§ **Exercise data**:
%%

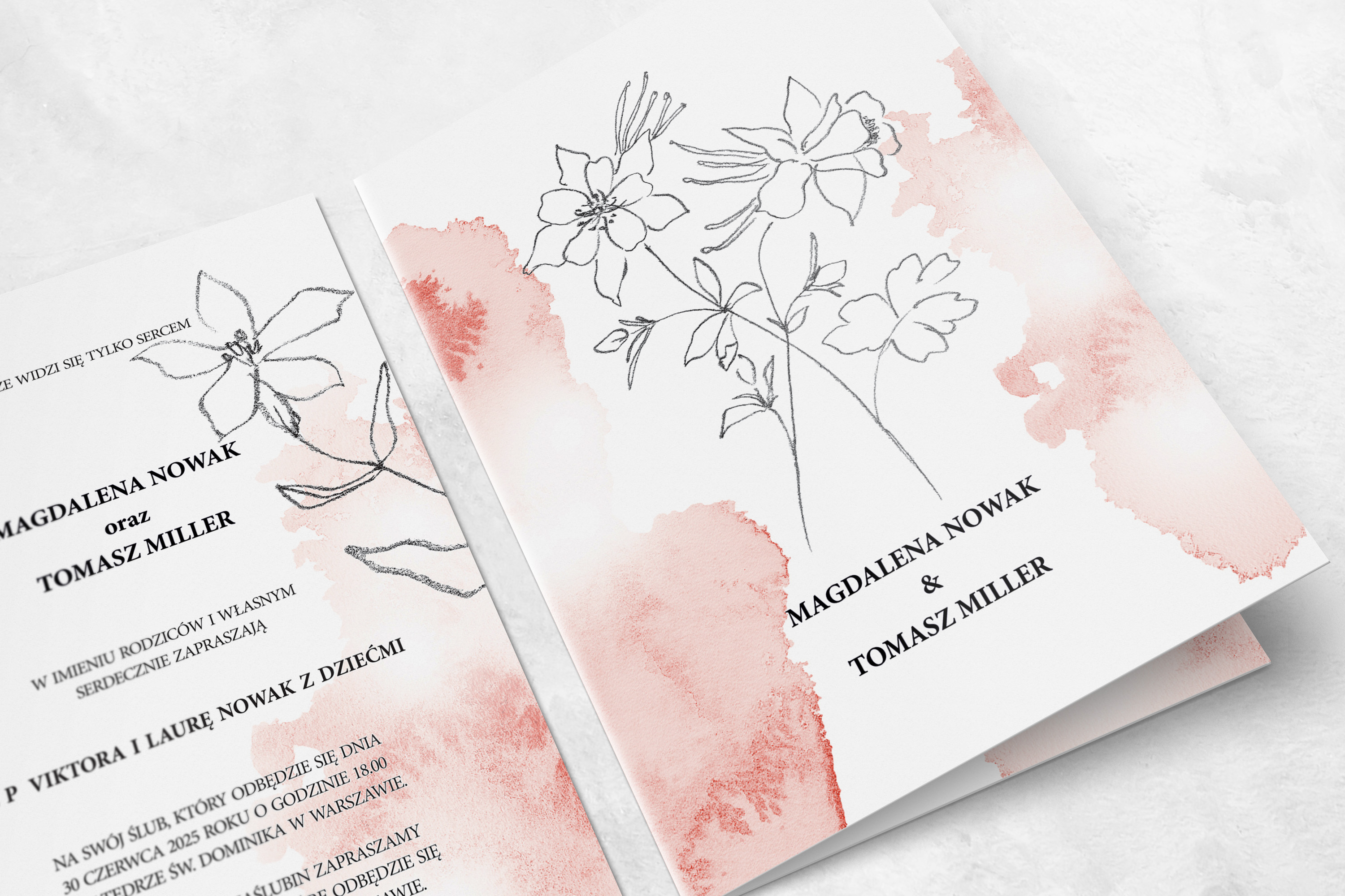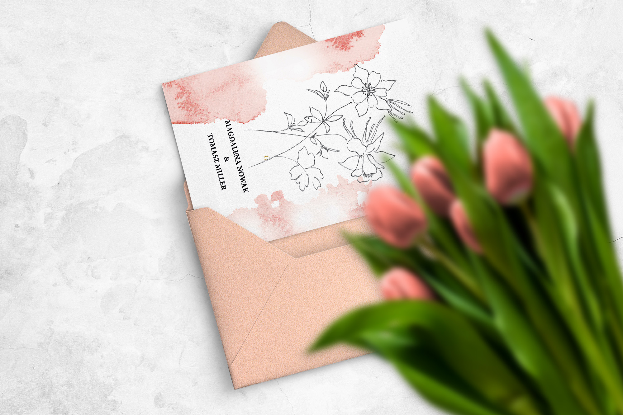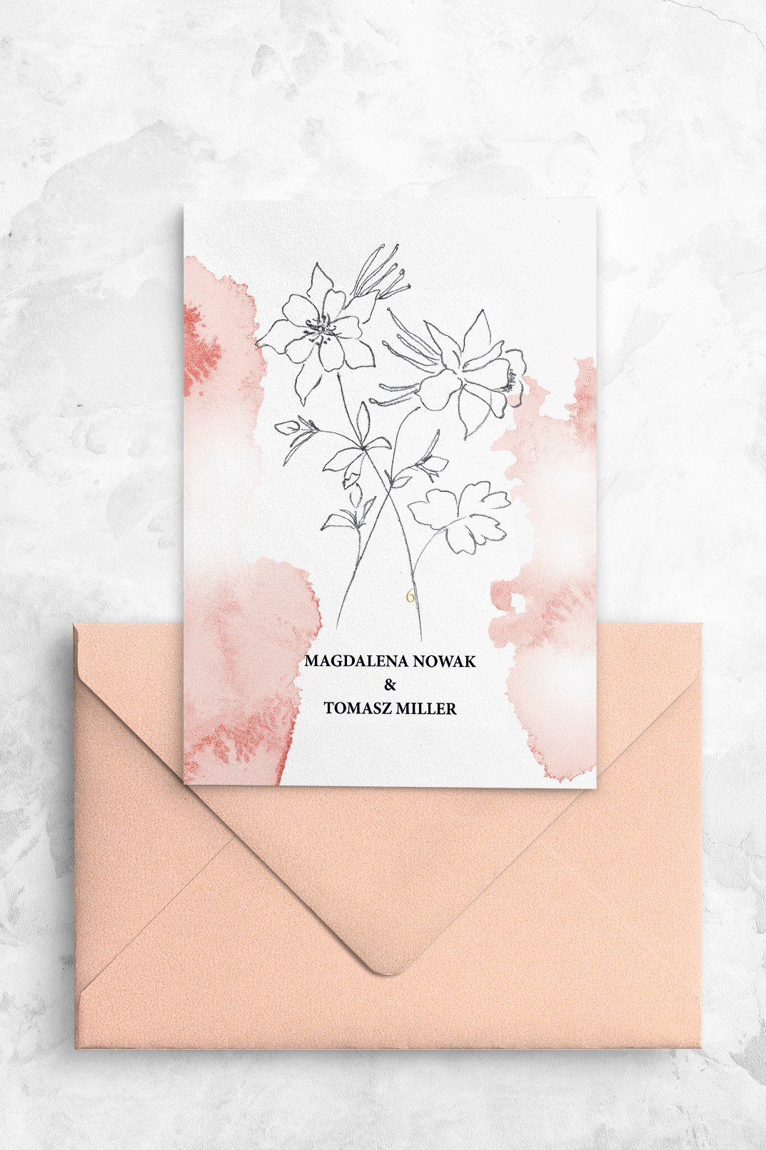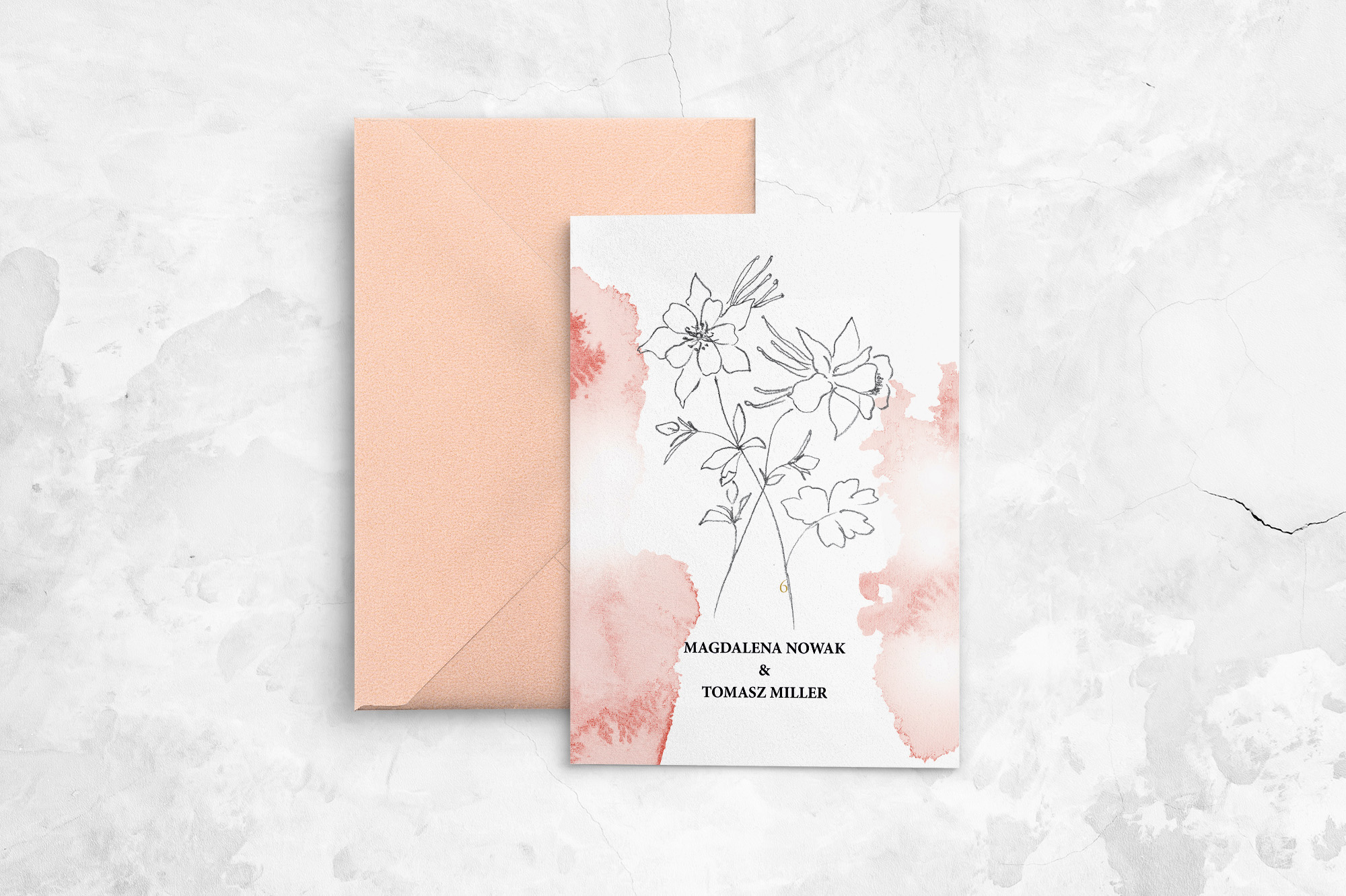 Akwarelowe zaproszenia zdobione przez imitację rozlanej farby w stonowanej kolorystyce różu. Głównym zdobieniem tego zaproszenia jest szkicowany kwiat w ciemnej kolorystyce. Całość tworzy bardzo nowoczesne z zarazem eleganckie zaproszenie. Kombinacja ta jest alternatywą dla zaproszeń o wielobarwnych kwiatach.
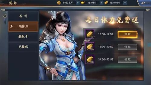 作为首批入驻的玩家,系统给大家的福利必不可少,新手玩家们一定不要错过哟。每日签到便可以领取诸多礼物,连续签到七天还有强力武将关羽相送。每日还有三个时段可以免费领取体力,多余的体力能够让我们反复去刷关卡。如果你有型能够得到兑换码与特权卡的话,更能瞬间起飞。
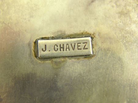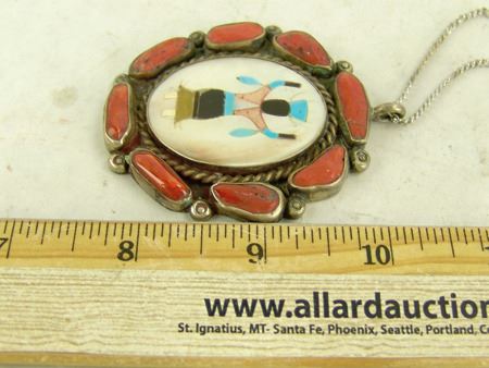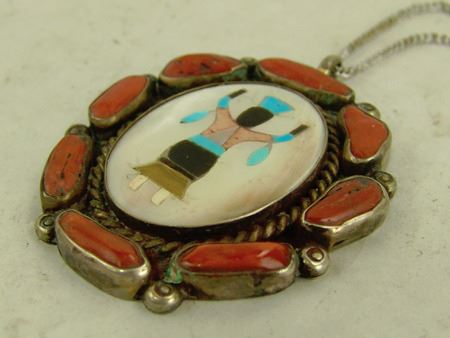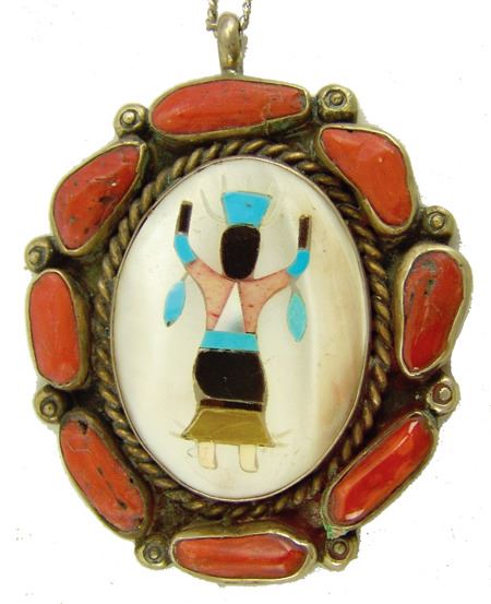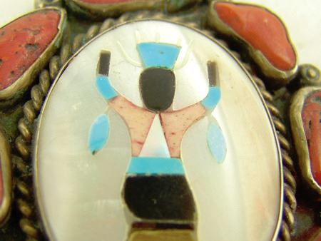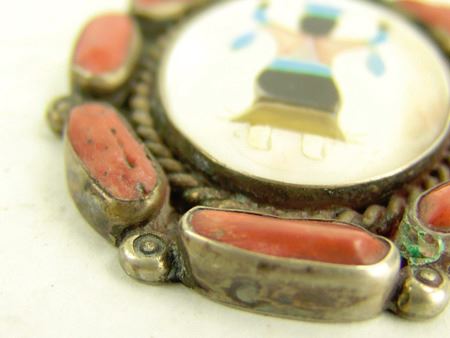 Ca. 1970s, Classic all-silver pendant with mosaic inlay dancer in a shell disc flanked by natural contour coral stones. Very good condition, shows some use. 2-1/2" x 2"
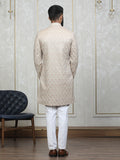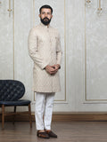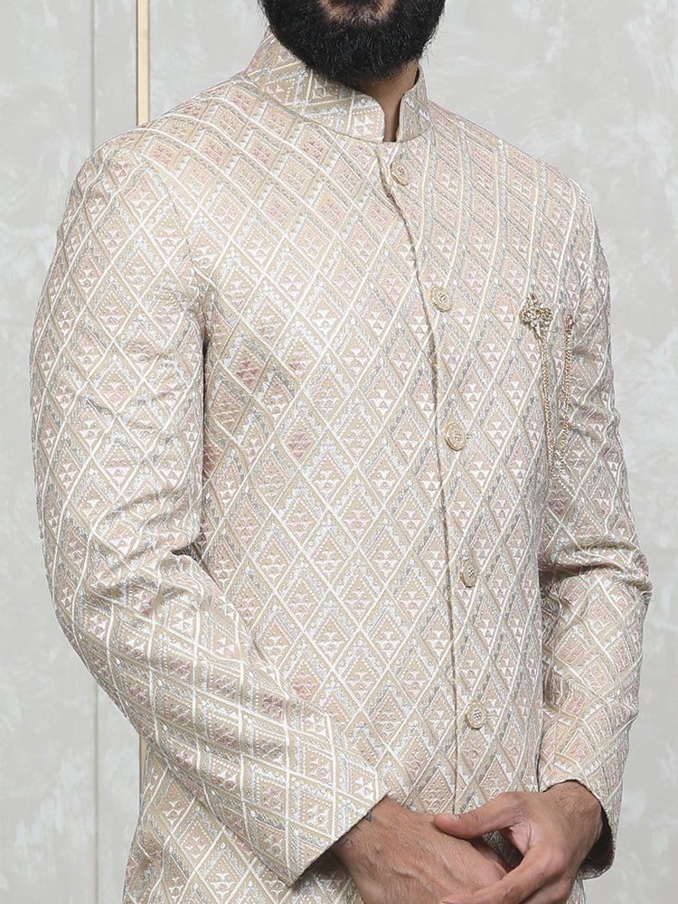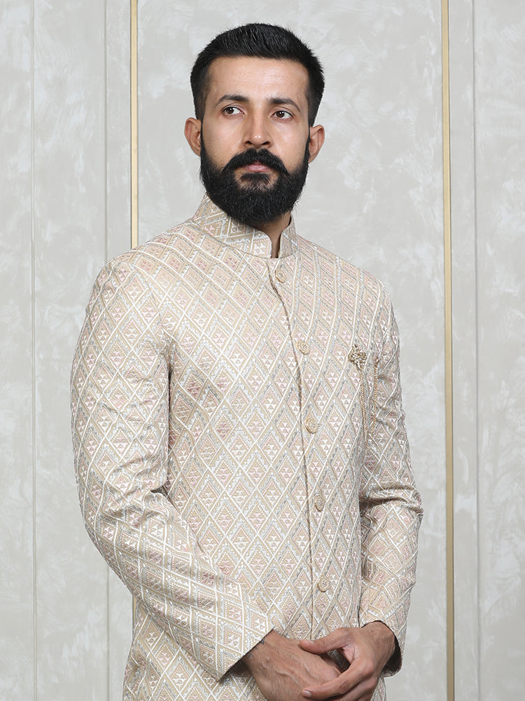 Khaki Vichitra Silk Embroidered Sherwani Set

%%

§ **Exercise requirements**: All of the data gets printed again exactly; the pictures do not.

§ **Solution**:
 Akwarelowe zaproszenia zdobione przez imitację rozlanej farby w stonowanej kolorystyce różu. Głównym zdobieniem tego zaproszenia jest szkicowany kwiat w ciemnej kolorystyce. Całość tworzy bardzo nowoczesne z zarazem eleganckie zaproszenie. Kombinacja ta jest alternatywą dla zaproszeń o wielobarwnych kwiatach.
 作为首批入驻的玩家,系统给大家的福利必不可少,新手玩家们一定不要错过哟。每日签到便可以领取诸多礼物,连续签到七天还有强力武将关羽相送。每日还有三个时段可以免费领取体力,多余的体力能够让我们反复去刷关卡。如果你有型能够得到兑换码与特权卡的话,更能瞬间起飞。
 Ca. 1970s, Classic all-silver pendant with mosaic inlay dancer in a shell disc flanked by natural contour coral stones. Very good condition, shows some use. 2-1/2" x 2"
 Khaki Vichitra Silk Embroidered Sherwani Set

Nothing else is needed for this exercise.